EXERCISE BRIEF:
Every line of the listing below from the one with "Remove the bowl" up to and including the one with "any home. |" should be retyped exactly, and nothing else; pictures are not part of the copy.

RECORDS SUPPLIED:
◇ ◇ ◇ ◇ ◇

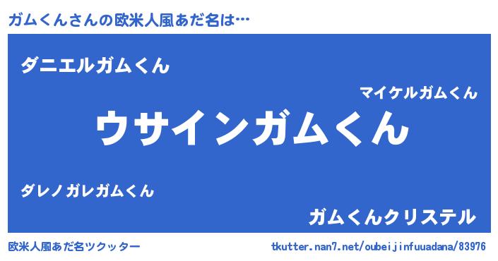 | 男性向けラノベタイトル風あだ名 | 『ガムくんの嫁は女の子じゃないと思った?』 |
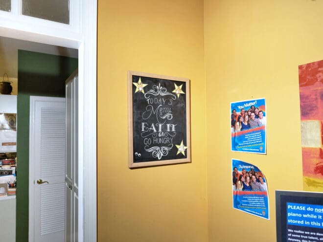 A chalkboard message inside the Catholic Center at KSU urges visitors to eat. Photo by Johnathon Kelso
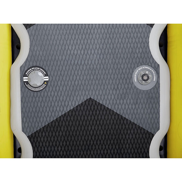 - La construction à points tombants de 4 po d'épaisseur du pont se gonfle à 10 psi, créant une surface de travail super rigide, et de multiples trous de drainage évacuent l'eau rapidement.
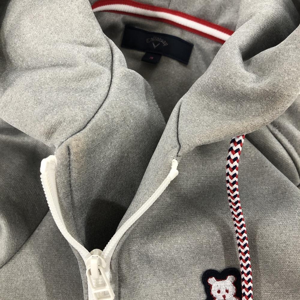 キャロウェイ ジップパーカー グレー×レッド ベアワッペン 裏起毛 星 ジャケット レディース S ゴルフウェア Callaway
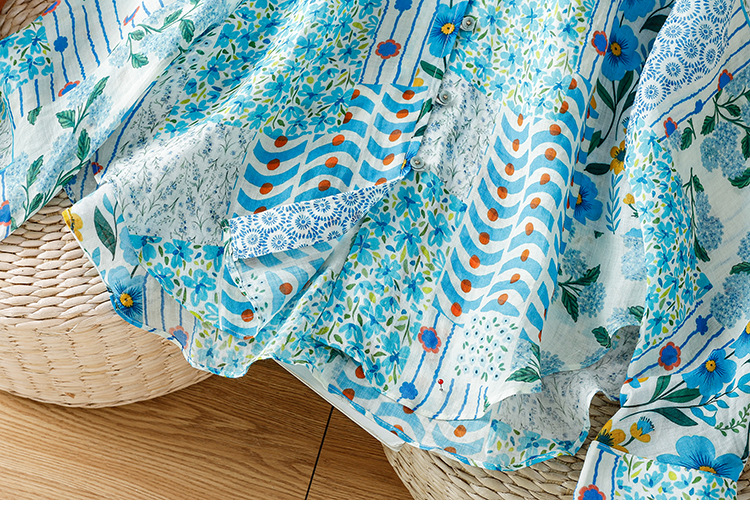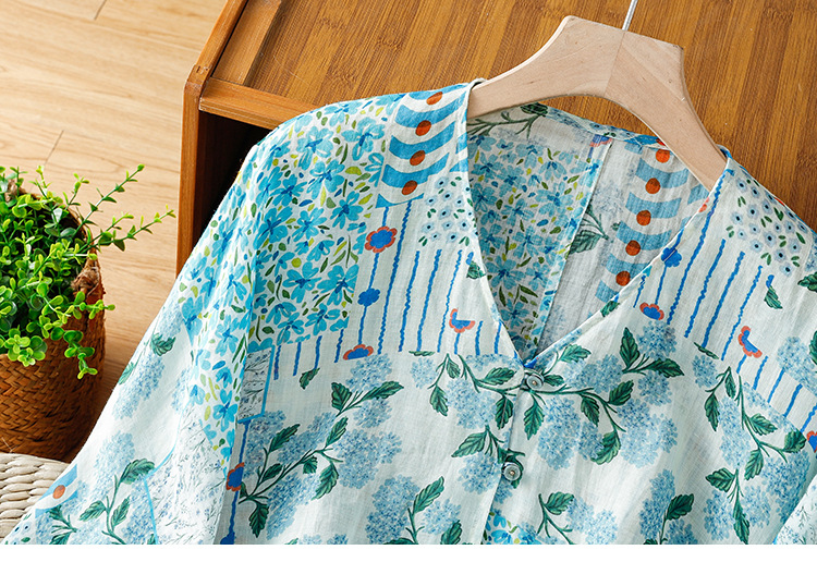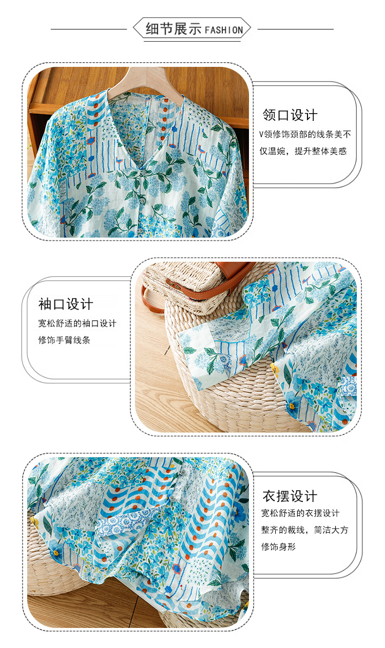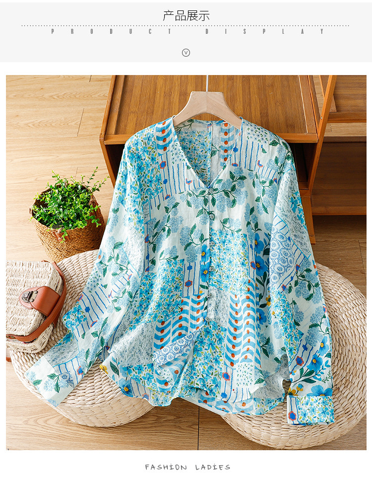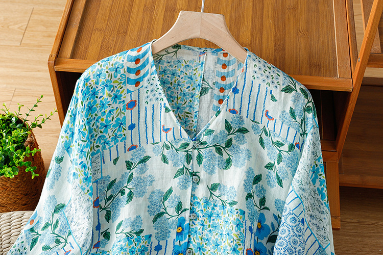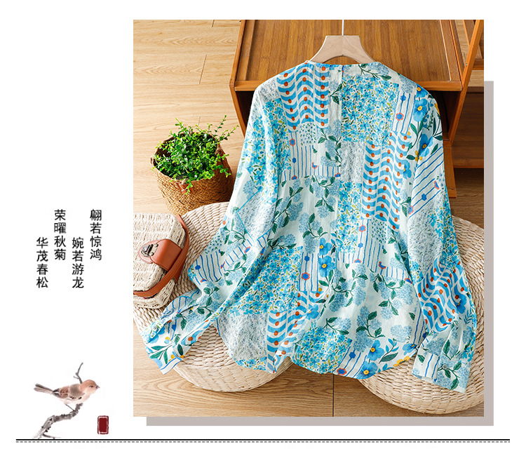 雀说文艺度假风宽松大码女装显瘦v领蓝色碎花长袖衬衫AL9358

◇ ◇ ◇ ◇ ◇

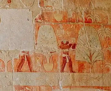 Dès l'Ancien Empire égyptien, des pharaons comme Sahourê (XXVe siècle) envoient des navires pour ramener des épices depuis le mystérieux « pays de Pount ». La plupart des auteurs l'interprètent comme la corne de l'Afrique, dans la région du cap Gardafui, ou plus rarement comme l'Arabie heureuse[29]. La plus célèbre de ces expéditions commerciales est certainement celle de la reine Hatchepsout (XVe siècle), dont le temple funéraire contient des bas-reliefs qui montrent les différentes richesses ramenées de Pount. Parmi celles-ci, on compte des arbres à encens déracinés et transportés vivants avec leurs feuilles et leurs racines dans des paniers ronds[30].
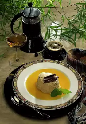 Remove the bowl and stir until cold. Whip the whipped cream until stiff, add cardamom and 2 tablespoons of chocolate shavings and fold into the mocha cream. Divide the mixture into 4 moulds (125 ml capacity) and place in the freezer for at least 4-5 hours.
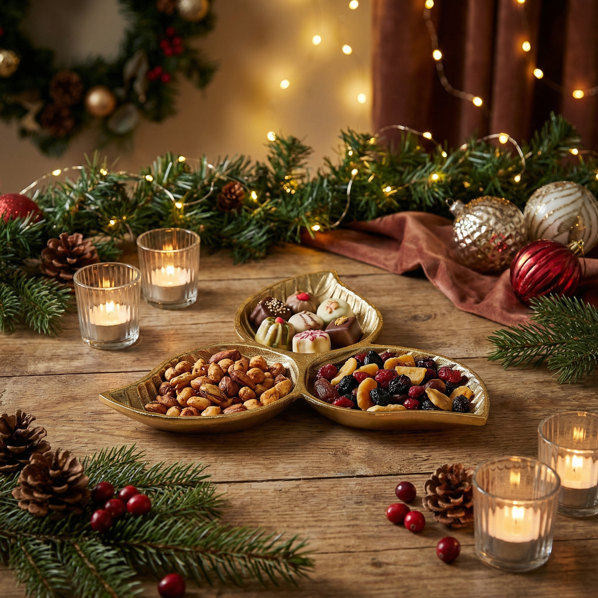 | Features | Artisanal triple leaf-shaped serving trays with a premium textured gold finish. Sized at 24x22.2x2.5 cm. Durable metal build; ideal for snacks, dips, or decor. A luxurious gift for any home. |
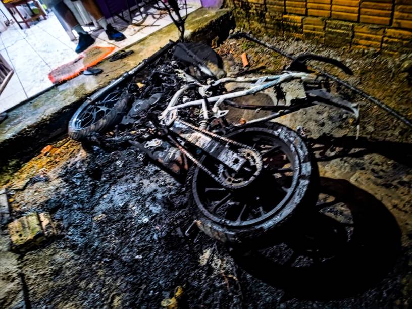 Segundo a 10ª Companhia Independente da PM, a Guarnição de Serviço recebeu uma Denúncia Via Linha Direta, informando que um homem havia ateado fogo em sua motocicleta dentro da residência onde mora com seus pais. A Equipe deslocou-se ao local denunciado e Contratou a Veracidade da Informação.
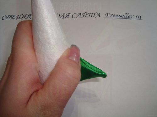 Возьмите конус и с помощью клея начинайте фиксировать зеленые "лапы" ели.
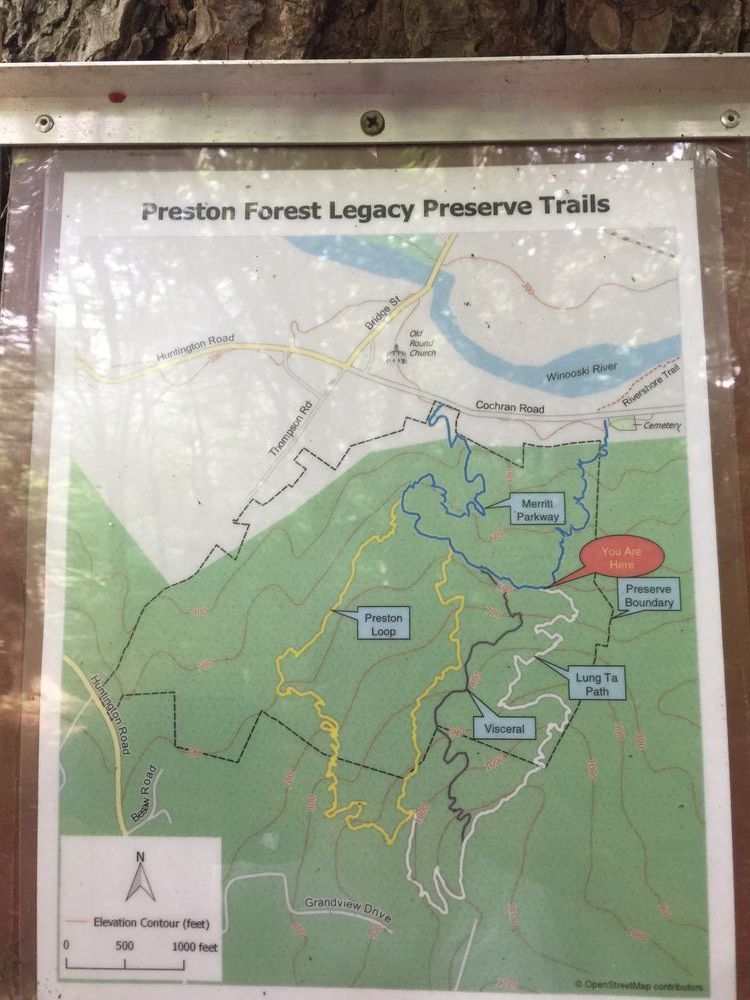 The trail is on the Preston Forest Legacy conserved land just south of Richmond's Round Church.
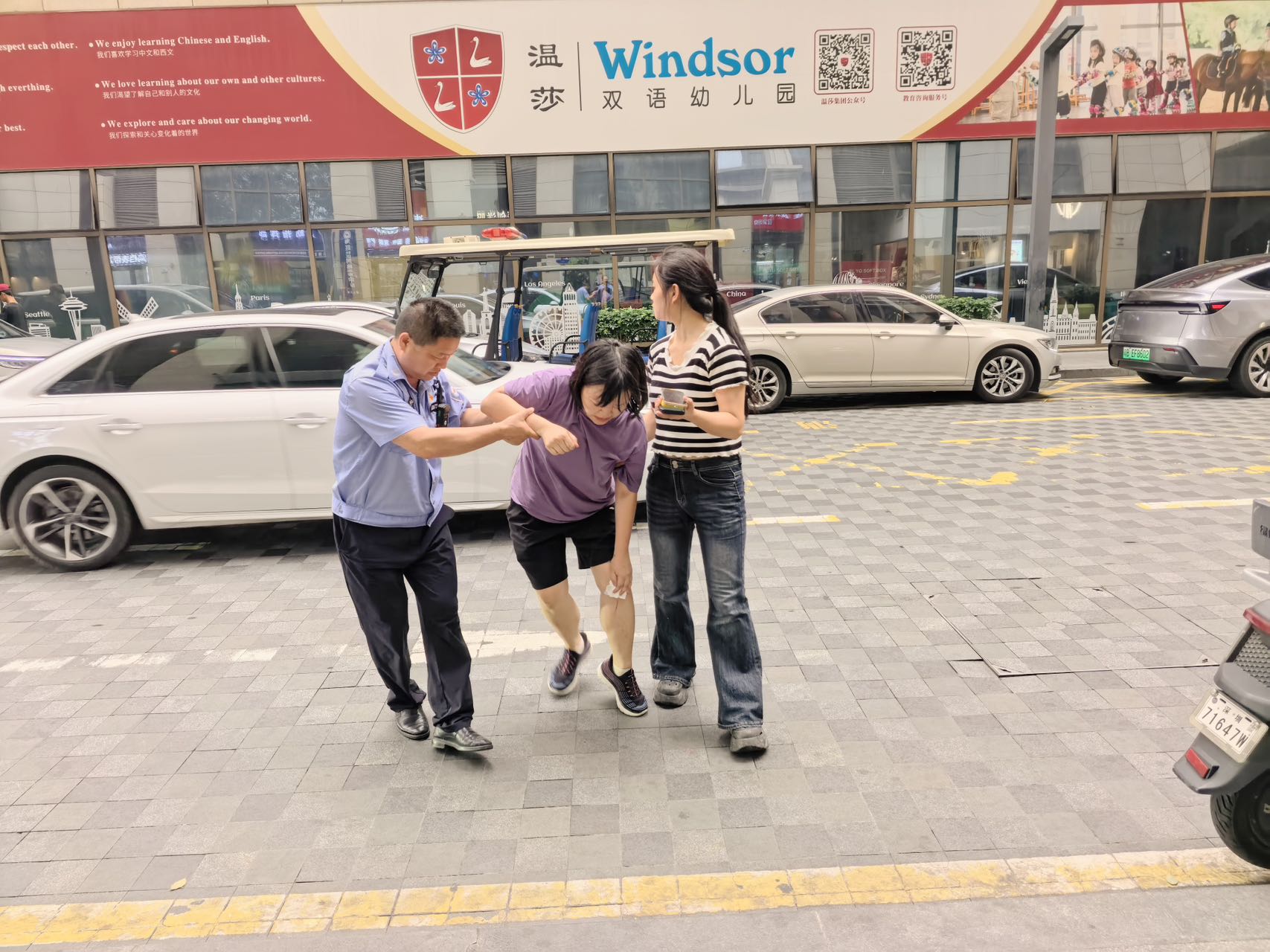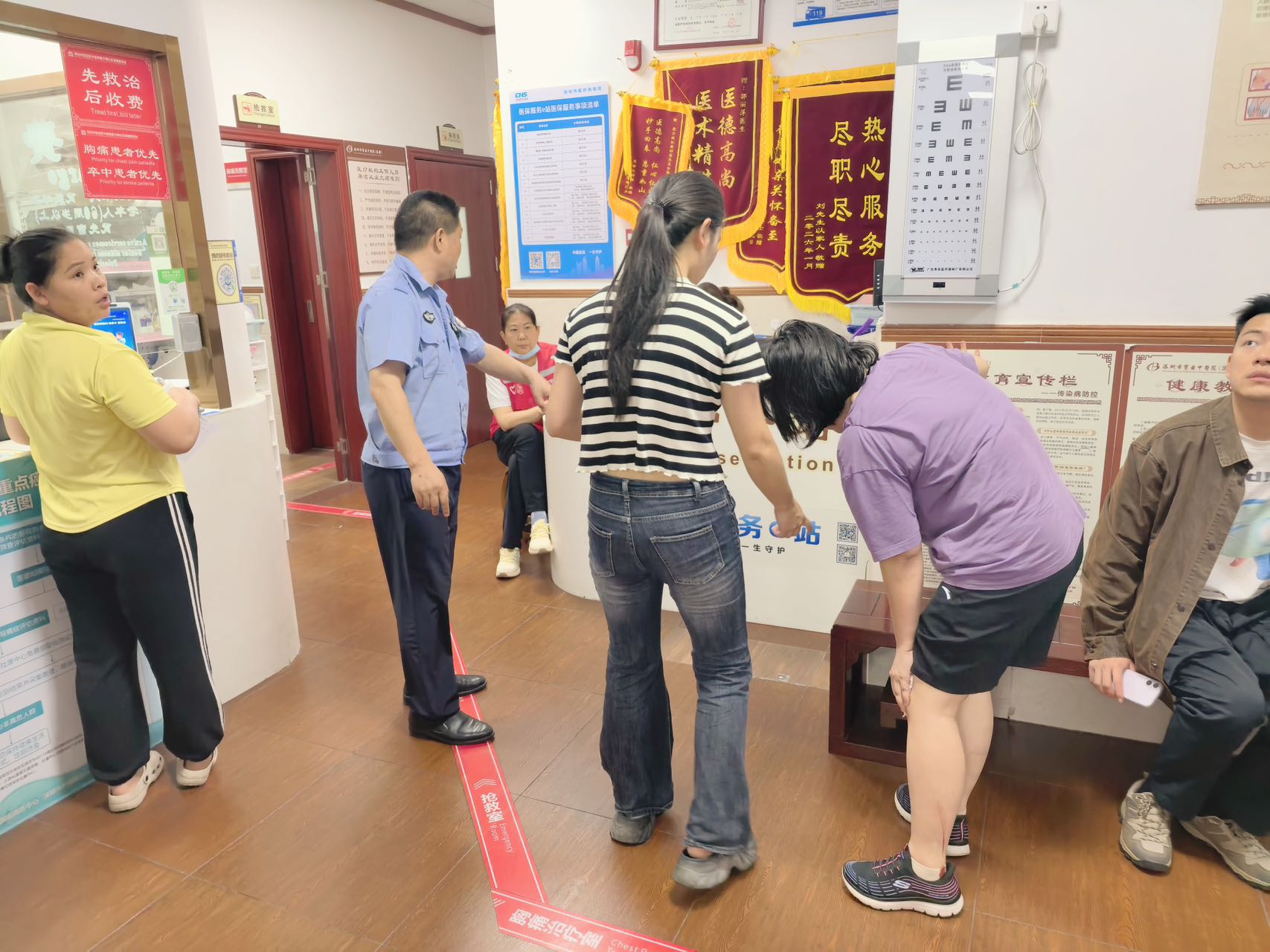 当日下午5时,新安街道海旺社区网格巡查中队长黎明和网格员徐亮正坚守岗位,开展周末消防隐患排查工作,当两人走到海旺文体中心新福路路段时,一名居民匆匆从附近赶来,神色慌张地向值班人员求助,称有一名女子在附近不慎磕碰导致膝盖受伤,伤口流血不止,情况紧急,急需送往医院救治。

◇ ◇ ◇ ◇ ◇

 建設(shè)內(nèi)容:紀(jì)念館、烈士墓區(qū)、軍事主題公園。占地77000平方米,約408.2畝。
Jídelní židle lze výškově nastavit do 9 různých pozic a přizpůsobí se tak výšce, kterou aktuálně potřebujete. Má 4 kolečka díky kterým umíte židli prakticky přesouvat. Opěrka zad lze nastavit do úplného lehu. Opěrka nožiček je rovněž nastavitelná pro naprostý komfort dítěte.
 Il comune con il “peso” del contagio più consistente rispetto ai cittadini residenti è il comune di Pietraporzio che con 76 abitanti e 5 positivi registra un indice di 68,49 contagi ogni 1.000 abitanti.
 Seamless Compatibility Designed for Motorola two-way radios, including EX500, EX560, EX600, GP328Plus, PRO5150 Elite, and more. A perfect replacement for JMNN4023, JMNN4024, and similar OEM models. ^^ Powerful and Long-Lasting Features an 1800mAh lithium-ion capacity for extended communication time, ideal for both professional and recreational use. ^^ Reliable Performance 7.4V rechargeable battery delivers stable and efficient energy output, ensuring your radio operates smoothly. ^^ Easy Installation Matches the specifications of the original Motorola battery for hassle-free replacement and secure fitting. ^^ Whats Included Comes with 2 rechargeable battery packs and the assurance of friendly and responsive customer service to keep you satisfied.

◇ ◇ ◇ ◇ ◇

SOLUTION FOR THIS TASK:
 Remove the bowl and stir until cold. Whip the whipped cream until stiff, add cardamom and 2 tablespoons of chocolate shavings and fold into the mocha cream. Divide the mixture into 4 moulds (125 ml capacity) and place in the freezer for at least 4-5 hours.
 | Features | Artisanal triple leaf-shaped serving trays with a premium textured gold finish. Sized at 24x22.2x2.5 cm. Durable metal build; ideal for snacks, dips, or decor. A luxurious gift for any home. |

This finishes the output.